Friday, July 10, 2009

Lowry Ruins South to Cow Canyon

Lowry Ruins is a large Ancestral Pueblo ruins site and a main attraction in Canyons of the Ancients National Monument in southwest Colorado. It sits on an elevated site between the two forks of the head of Cow Canyon.

Near the parking area there is a dirt road leading south that offers a route for exploring Cow Canyon. Canyons of the Ancients has many small ruins sites but it is a find it on your own park.

The dirt road runs for about 1 mile with Pinon Pine and Utah Juniper forest on the east and a grassy sagebrush field to the west. About 0.7 miles along the way there are at least two small rubble pile ruins sites in the grassy area. They can be clearly spotted from the road.

Both the sites I saw had survey pins with site number tags attached. These two sites are small and it’s hard to see anything, but it’s good to find these early in a hike that doesn’t have a definite destination. Continuing on the dirt road until it reaches the forest edge. I made my way to a rocky point that overlooks the east fork of the head of the canyon.

I scanned the canyon rims and the bottom area and noticed that there are a few cottonwoods growing along the creek bottom and an area of sagebrush on the canyon floor as it swings to the west. I couldn’t see any Ancestral Pueblo ruins sites from the view point. There is a short side canyon on the west side of the point that is easy to get around and continue along the west rim of the Cow Canyon east fork.

There aren’t any trails to follow here. I walked through the mostly open forest looking for points along the rim that offered good views.

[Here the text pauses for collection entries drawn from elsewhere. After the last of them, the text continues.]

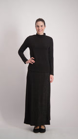 Ribbed Velvet A-line Dress With Belt / Petrol
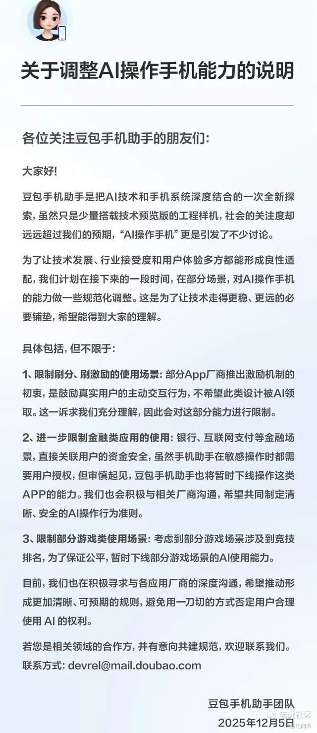 面对种种争议,豆包接连发出声明澄清。12月5日,豆包手机助手发文称进一步限制金融类应用的使用,“银行、互联网支付等金融场景,直接关联用户的资金安全,虽然手机助手在敏感操作时都需要用户授权,但审慎起见,豆包手机助手也将暂时下线操作这类APP的能力”。
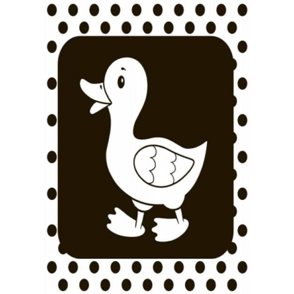 Книжка-розкладайка для немовлят із чорно-білими картинками. Вона спеціально створена для розвитку і координації зору і сприйняття у малюків за популярною методикою Сесіль Лупан і Сари Брюер. Книга середнього розміру зі щільного картону. Вона ідеально підійде для розглядання картинок малюком у ліжечку. З одного боку розкладачки розташовуються чорно-білі картинки, з іншого боку - додається ще один колір. Художник П. С. Кривцова.
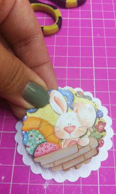 Logo após, utilize os furadores circular extragigantes no papel com o tema da Páscoa e no papel branco. E quando terminar, coloque um pedaço de fita banana entre os dois círculos de papéis.
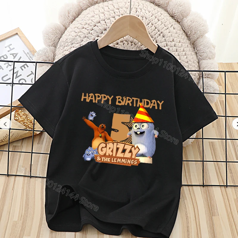 Kawaii Grizzly Lemmings t-shirt vêtements enfants joyeux anniversaire chiffres vêtements...
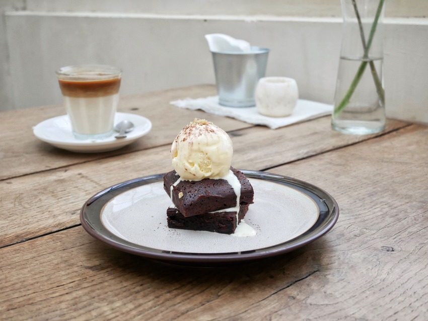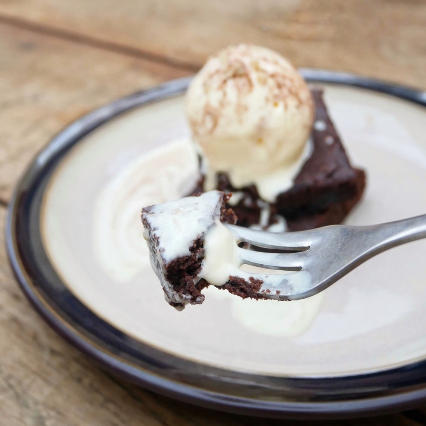 當日甜點No.1🥳 一切開,哇! 是很扎實的糕體,沾上微融化的香草

About 0.5 miles further on I saw a rubble pile near the canyon bottom, close to the middle of the large sagebrush field that was visible from the lookout point.

The top of the canyon is mostly steep cliffs but there are many notches and gaps to get through the cliffs onto the gentler slope of the canyon side. This site used some large boulders as a foundation and seemed to be reasonably large, extending down the hill for a ways.

There weren’t any wall sections holding together here except for a short section that used large stones. This site is on a shelf that is well below the rim but above the canyon floor, and well above the creek. This site was visible from the rim right above it, but would be hard to spot from any other angle as the trees hide it.

Hikers approaching along the canyon floor would have to be looking into the forest area carefully. It is in the portion of the east fork that runs east and west for a short distance.

Since I was already down in the canyon I decided to return along the bottom rather than retrace my steps. This was a good idea but I made a navigation error and climbed out on the east side rather that the west side, fooled by a small side canyon to the east.

When I reached the top, I could see the protective structure of Lowry Ruins and headed north for it, but was surprised when I reached the east fork canyon again. The bright side of this mistake was that I came across the remains of an old log cabin down below and was able to see the east fork of Cow Canyon from another angle.

I found a cow path that led back down and then up and crossed again. It took me about 2:00 hours to find the Cow Canyon east fork site and 2:00 hours to return for a 4:00 total hike for about 3.5 miles. It was an 84 F early July day with a good breeze blowing and I carried 2 liters of water.